Sunday’s loss was not Andy Dalton’s fault. He did not make any egregious errors, didn’t put his team in any real danger by delivering the ball too quickly and not reading his options. Yet, there was something palpable missing from his performance. It was a listless showing, and frankly, rather boring to watch. A whopping 32 of Dalton’s 41 aimed passes, which excludes batted balls and throwaways, went for less than 10 yards. There was only one attempt (an incompletion) that traveled beyond 20 yards. And while he did throw two touchdown passes, with a degree of difficulty that fell somewhere between Candyland and Go Fish, the performance was far less than remarkable.
It seems unfair, then, to focus solely on Dalton in analyzing the loss to the Steelers, which makes the next two weeks far more important than they should have been. So I’ll throw a bone to a few good things from Sunday (though there were not many) a few paragraphs from now. If you are looking to be filled with merriment and joy this Christmas, skip ahead a few lines and there will be at least a small reason to smile, I think.
Everyone else, let’s take a look at a frustrating trend of late. Andy Dalton’s growth seems to be stunted right now. He seemingly exists in a strange world of necessary quarterback equilibrium, where each positive outcome must be balanced by a negative outcome instead of doing good thing after good thing. His coaches, particularly offensive coordinator Jay Gruden, seem to understand this and want to help. For most of the season, Gruden took the hands-off approach and let Dalton work through his mistakes. The team managed to overcome a good amount of them and emerge as the team-to-beat in the AFC North. Then the injuries began piling up around Dalton, namely on the defensive side of the ball, and the team’s performance became less consistent.

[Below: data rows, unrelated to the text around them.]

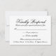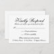 Carte de réponse RSVP de mariage élégante avec un libellé traditionnel dans une belle calligraphie sur le blanc. Ces cartes de réponse RSVP de mariage classique et formel disposent d'un modèle pour vous permettre d'ajouter vos options de menu et sont parfaites pour un mariage de cravate noir.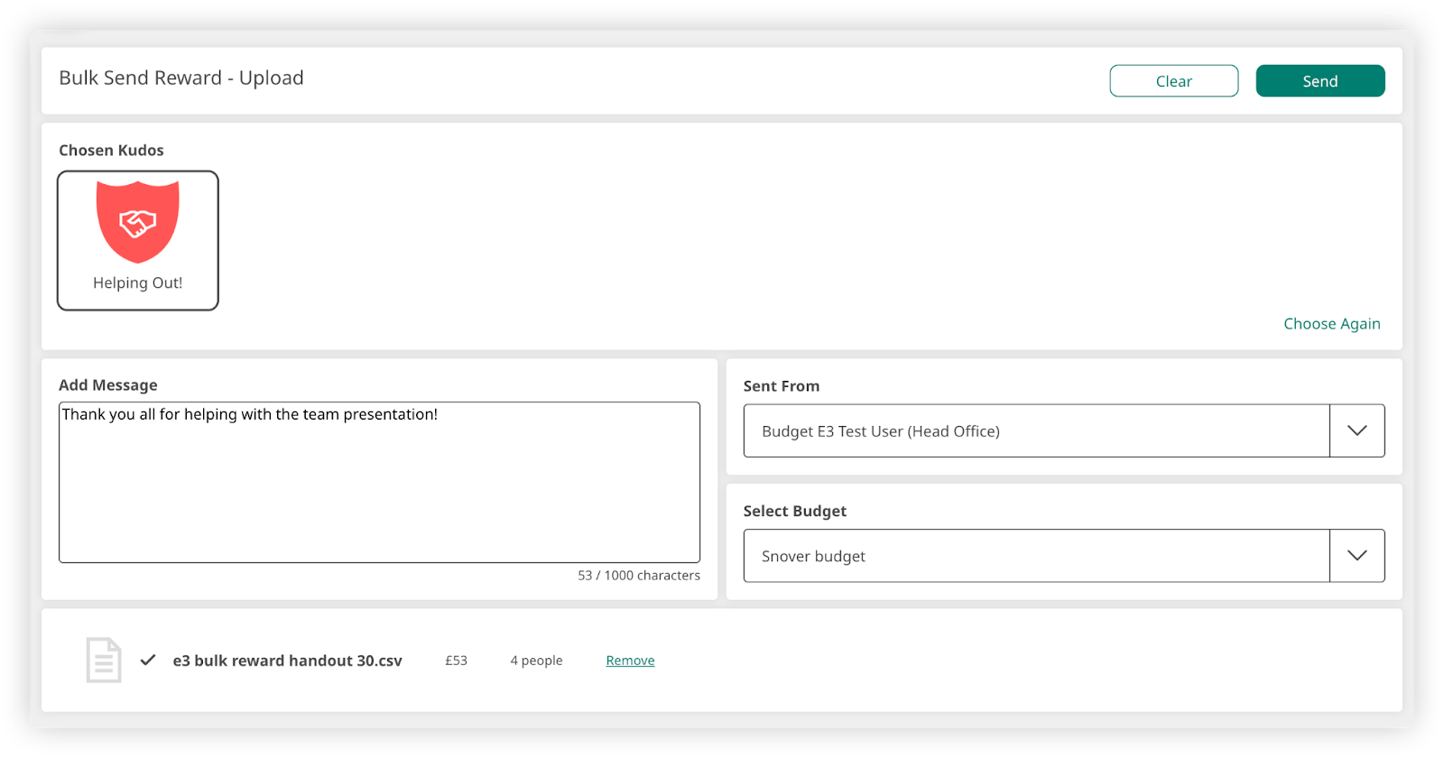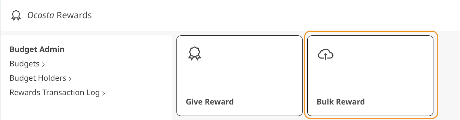 There is an additional option called Bulk Rewards if your organisation also uses Kudos Rewards. Bulk Rewards is a feature that allows users with the right permissions to quickly distribute the same Kudos and reward to multiple recipients by uploading a CSV file. Skip to this section.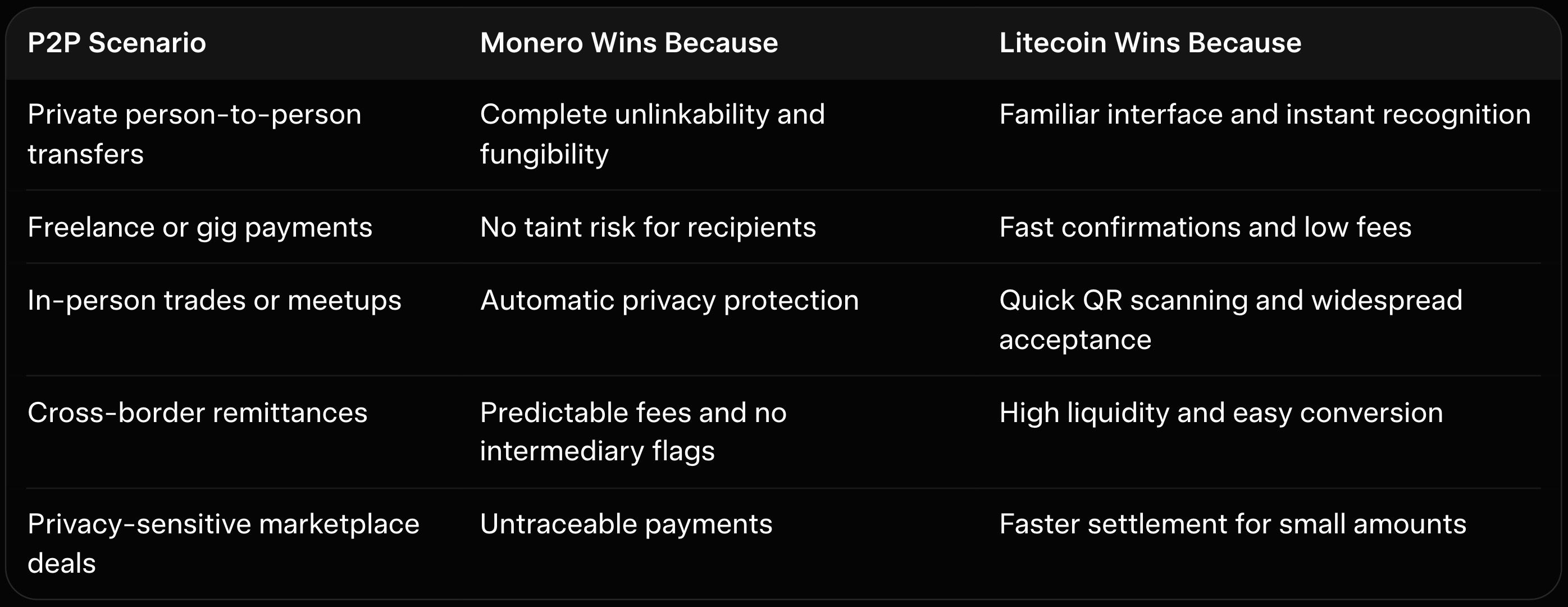 This table shows where each coin shines in actual peer-to-peer situations. Monero protects sensitive or high-value P2P deals. Litecoin powers casual fast transfers where speed and familiarity matter more.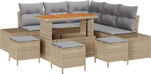 Vidaxl Zestaw 9-elementowy sof ogrodowych z poduszkami Beżowy Polirattan Akacja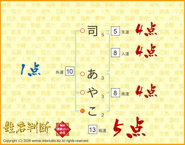 生活面を象徴する運勢です。外部から受ける影響力を表し、結婚運、家庭運や職場、環境への順応性を表します。総運から人運を引いた画数。姓や名が1文字の場合を除く。
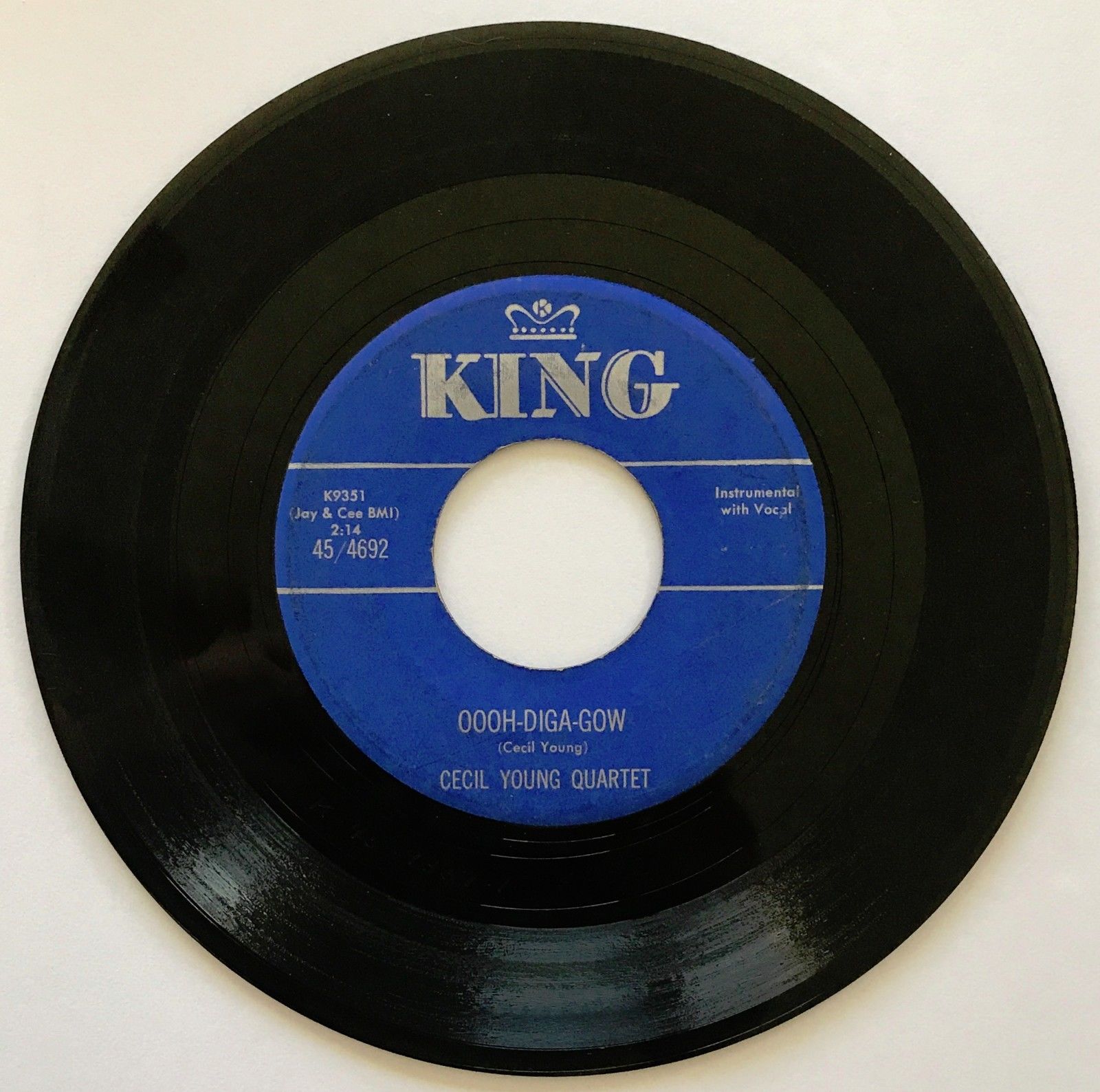 A beautiful original 45 rpm copy of King 4692, a real obscurity. Condition is a very strong VG with excellent playback. Labels are also excellent--note the tiny writing on one of them. The audio linked below comes directly from this copy:
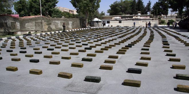 وضبطت الجهات المختصة في أيار الماضي 4 سيارات تحمل كميات كبيرة من الأسلحة والذخائر كانت متجهة من المنطقة الجنوبية إلى تنظيم جبهة النصرة الإرهابي في الغوطة الشرقية.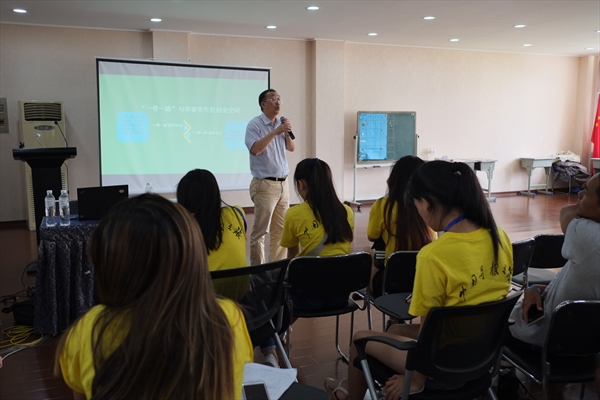 另一位创业导师王立丹先生回顾过去几十年老一辈华侨在海外的创业历程,提醒营员们老一辈华侨一路披荆斩棘的创业不易,应懂得感恩与珍惜。王先生通过身边的实例指出新时期的华裔青年们拥有更好的资源,接受良好的教育,在多语和多重文化环境下的他们也拥有更广阔的社会资源,这些都是华裔青年创业的有利条件。
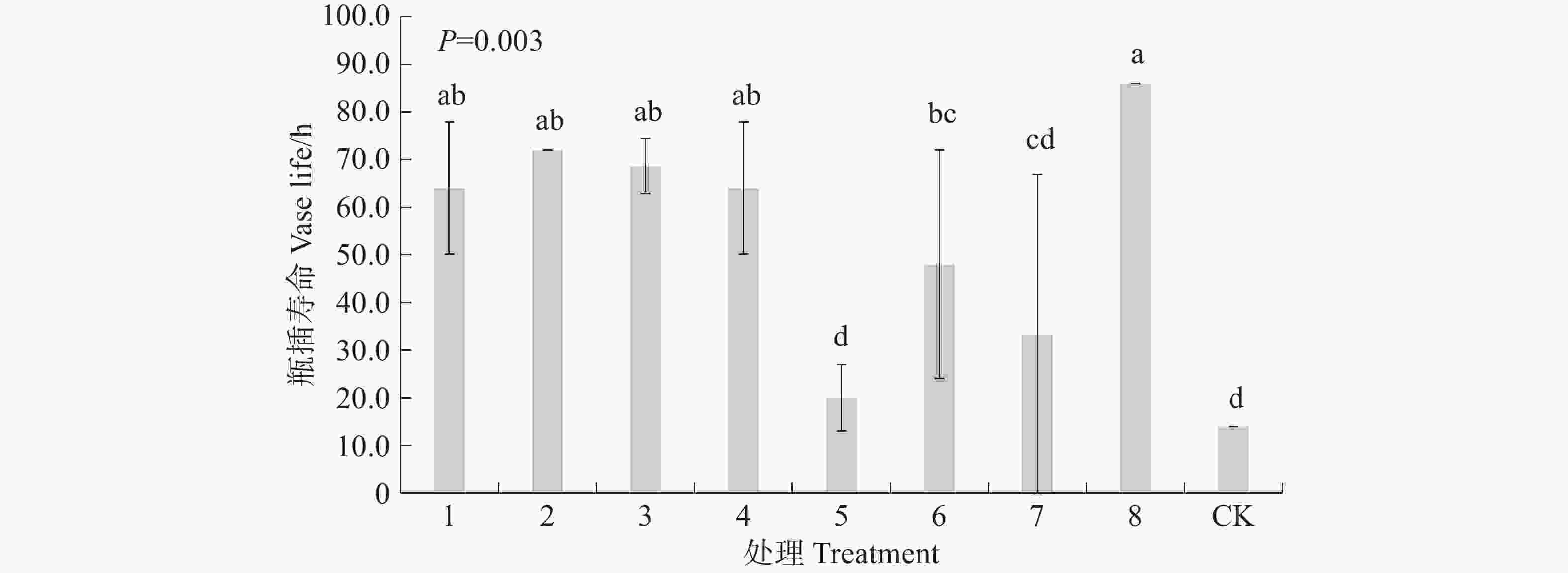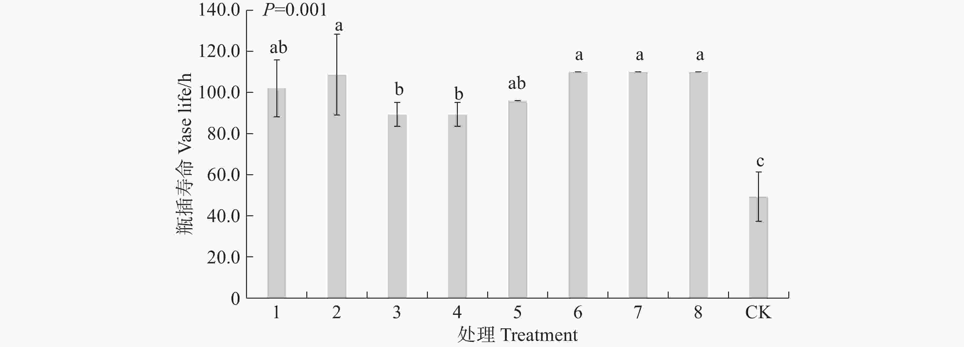 图 8 保鲜剂对露红期紫玉兰花朵瓶插寿命的影响

Not coincidentally, Dalton’s play has suffered as well and the Bengals coaches, in seemingly an attempt at limiting the mistakes he seems wont to commit, have tightened the reigns on Dalton. Last week, he used playaction more than he had all year and it proved successful. This week, though, with the team playing catch-up almost immediately, there was a strange emphasis on short, quick passes. The coaching staff appears to be vexed about how to handle to Dalton moving forward this season and just how much responsibility he should shoulder during the stretch run. These next two games are in Cincinnati, and the Bengals haven’t lost a game on their home turf this season. So hopefully the coaching staff can find some measure of confidence in their quarterback and hopefully their quarterback can find some measure of confidence in himself. Because if not, it is very difficult to see this team advancing in the playoffs. They need Andy Dalton to be an exceptional quarterback for a playoff run.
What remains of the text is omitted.